Sometimes the builds will complete after several hours of overtime; sometimes we have to manually remove them from the "running" database table as they 'cannot stop'. The latter is not enjoyable!
A complete reinstall of the agent software unfortunately did not help.
We are running TeamCity Enterprise 9.0.4 (build 32407). Any help would be much appreciated.
Thanks,
Jon
Please sign in to leave a comment.
Hi Jon,
Please attach teamcity-server.log and teamcity-agent.log from the affected agent. Also several thread dumps of the hanging agent process. You can use jstack util: https://confluence.jetbrains.com/display/TCD9/Reporting+Issues#ReportingIssues-Threaddumptakingapproaches.
Hi Alina,
Here are the agent (named 'PROST') and server logs starting from around the time I triggered the build in question. Some data has been anonymised (replaced with "...") but the build we're debugging is labelled 'build_of_interest'.

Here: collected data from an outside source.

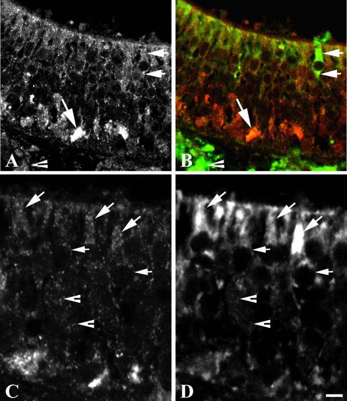Available data support an involvement of retinoic acid in the development of the olfactory system during embryogenesis (Anchan et al., 1997; Whitesides et al., 1998; Grun et al., 2000; Li et al., 2000; Suzuki et al., 2000; Niederreither et al., 2002b), and an involvement in the development of olfactory receptor neurons throughout adult life (Asson-Batres et al., 2003b). In previous studies, we have noted a concomitant increase in the number of proliferating basal cells and a decrease in the number of mature olfactory receptor neurons throughout the olfactory epithelium of frankly vitamin A-deficient postnatal rats (Asson-Batres et al., 2003b). These results support the notion that vitamin A and/or its derivative, retinoic acid, are playing an essential role in regulating cell proliferation and differentiation events in the postnatal olfactory epithelium. Specifically, we hypothesize that retinoic acid is regulating the development and maturation of olfactory receptor neurons throughout the postnatal olfactory epithelium. With this in mind, the present study was carried out to identify and localize RALDH protein expression in the postnatal olfactory organ and to characterize in greater detail the localization of the retinol/retinaldehyde binding protein, CRBP I, and the retinoic acid binding protein, CRABP II, in order to more precisely define potential cellular sites of synthesis and, as such, sources of retinoic acid in this sensory tissue. Our results indicate that RALDH 1 and RALDH 2 exhibit high levels of expression in different cell types throughout the postnatal rat olfactory organ and are found in close association with proteins that bind and transport retinol/retinaldehyde substrates and retinoic acid products utilized or produced by RALDH-catalyzed reactions.
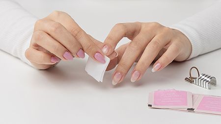 Remove nail forms by squeezing the metal pieces together until they pop away from the nail and wipe away any residue with a cleanser.
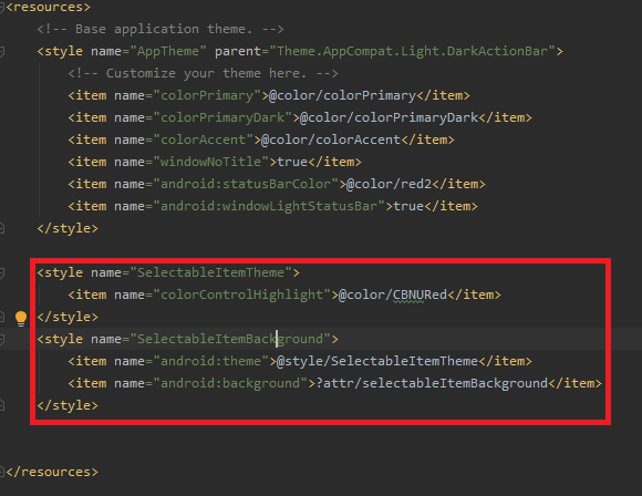 res>values>styles.xml에 들어가신 후, 빨간 네모 박스 표시 해준 부분을 입력해주세요. color는 여러분들의 기호에 맞게 설정해주시면 됩니다.
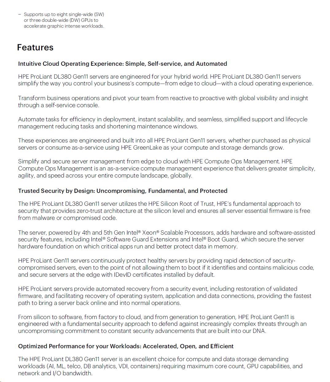 HPE PL DL380g11 4510 (2.4G/12C) 2x32G (p64706) 1x7.68TB 2x1000W 8SFF NVMe EmbSATAcontr 4p1G HPfans Smart Choice
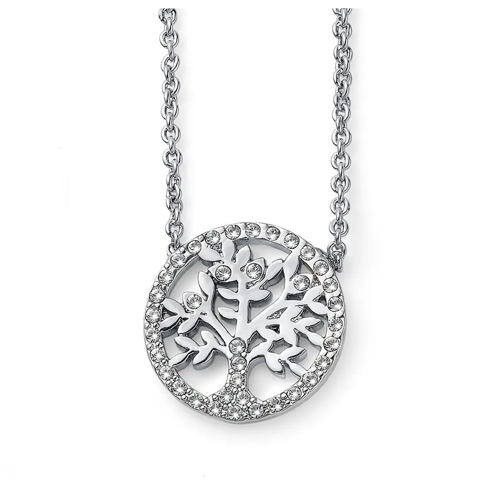Ženska ogrlica brenda Oliver Weber prepoznatljiva je zahvaljujući svom nesvakidašnjem dizajnu.Krasi je privezak u obliku drveta.Srebrne je boje dok je privezak prožet Swarovski kristalima.
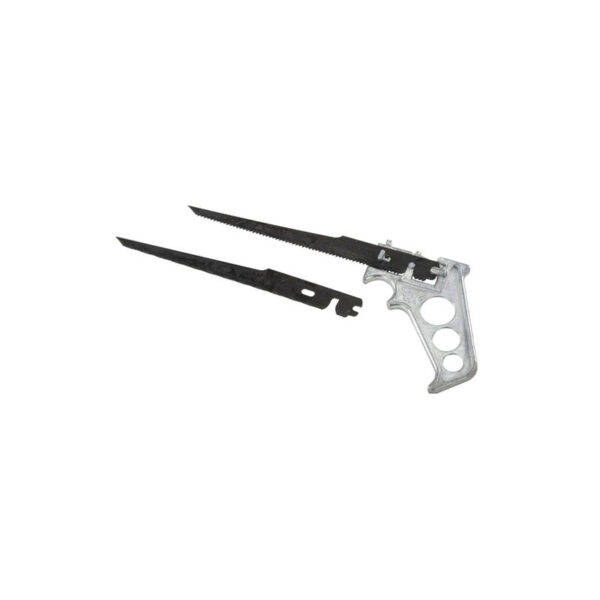 Sharp point, hardened and tempered steel blade with sharpened teeth. Easily cuts through wallboard and synthetic building materials.
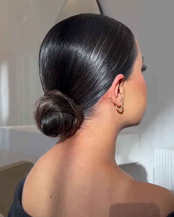Masna kosa nije prepreka za elegantnu zaglađenu nisku punđu – varijantu frizure za masnu kosu sa glatkom punđom na vrhu glave. Da biste dodali sjaj, koristite arganovo ulje. Ako želite mat izgled, koristite kremu za učvršćivanje i zaglađivanje.
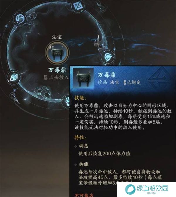 万毒鼎:适合想要走高输出的路线,万毒鼎在提升伤害的同时,可能还会附带额外的中毒效果或持续伤害,增强输出能力,是输出角色的理想选择。
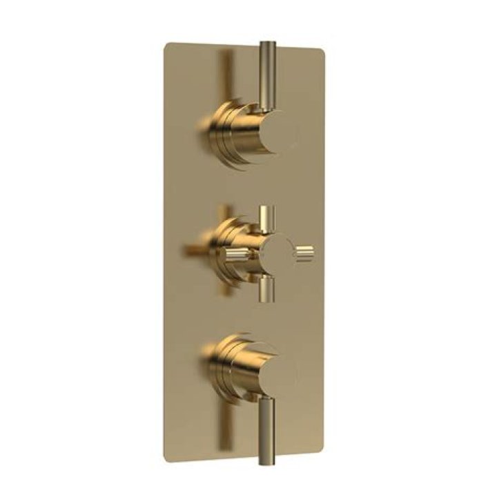 Product Description. This triple vertical shower valve enables you to control the temperature and water pressure for two separate outlets in your shower. It includes one control for temperature and two for water pressure. Its thermostatic design prevents it from becoming too hot.
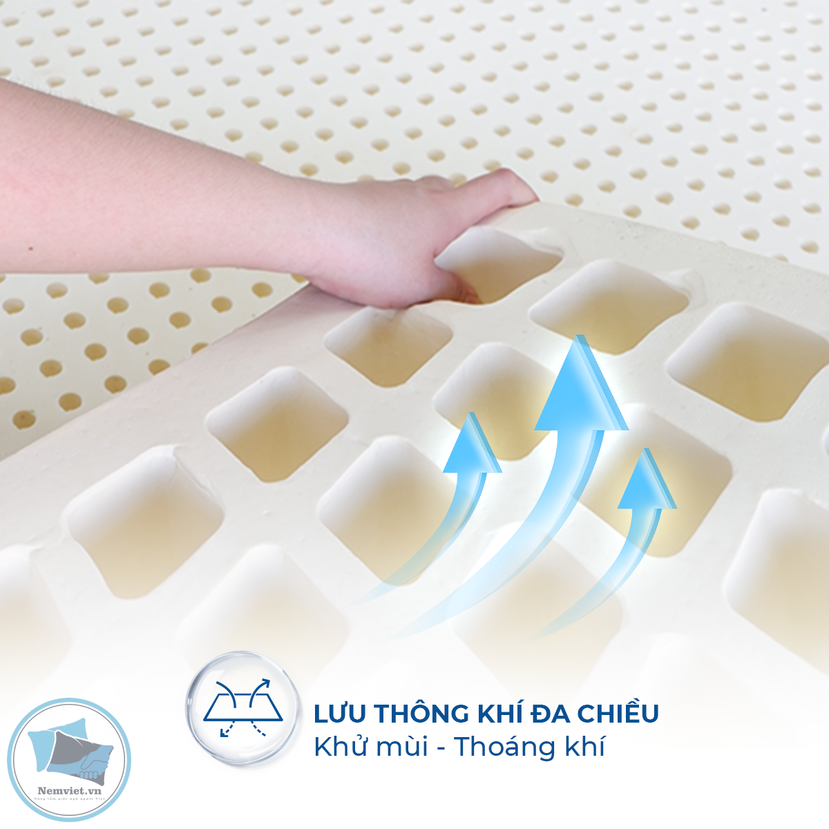 – Thoáng Khí Vượt Trội: Kết cấu Thành Nệm lỗ vuông dày cùng hàng ngàn lỗ thoáng khí siêu nhỏ giúp nệm thông thoáng hơn, hàng triệu lỗ thoáng khí từ sâu trong lõi nệm giúp tăng khả năng thoáng khí cao cấp hơn

I've also attached the public build log along with several thread dumps from the agent, which were taken once the build appeared to be finished and the artifacts were available (see timestamps). I suspect the issue is server-side so I'm not sure they'll reveal much, but I hope I'm wrong!
Note the 2 hour delay before "Build finished" appears. It's worth pointing out that the agent was disabled, so no other builds were permitted to run on it during this time.
Thanks,
Jon
Attachment(s):
thread_dumps.zip
teamcity-server.log.zip
teamcity-agent.log.zip
build_log.txt.zip
Jon,
Indeed, this is server side issue regarding build failure conditions.
Could you please attach a full server thread dump and tell what "Buil failure conditions" are configured for the build?
Here's the full dump from my first post where 3 builds were not completing. I don't have another for last night's bug repro but I can get a new one if necessary.
server_threads.txt.zip
The failure conditions are:
-double post-
did this ever go anywhere? im seeing this exact behavior
In the end we disabled and removed that agent, no solution was found.
Hello James,
Could you please attach agent and server logs? You can use "Submit a request" button on the top to send all the files privately.
hi alina, i submitted a separate ticket and was able to resolve my issue. there was a rogue wildcard .* at the beginning of a regex failure condition that was causing my server CPU to max out. once i removed this, all was well.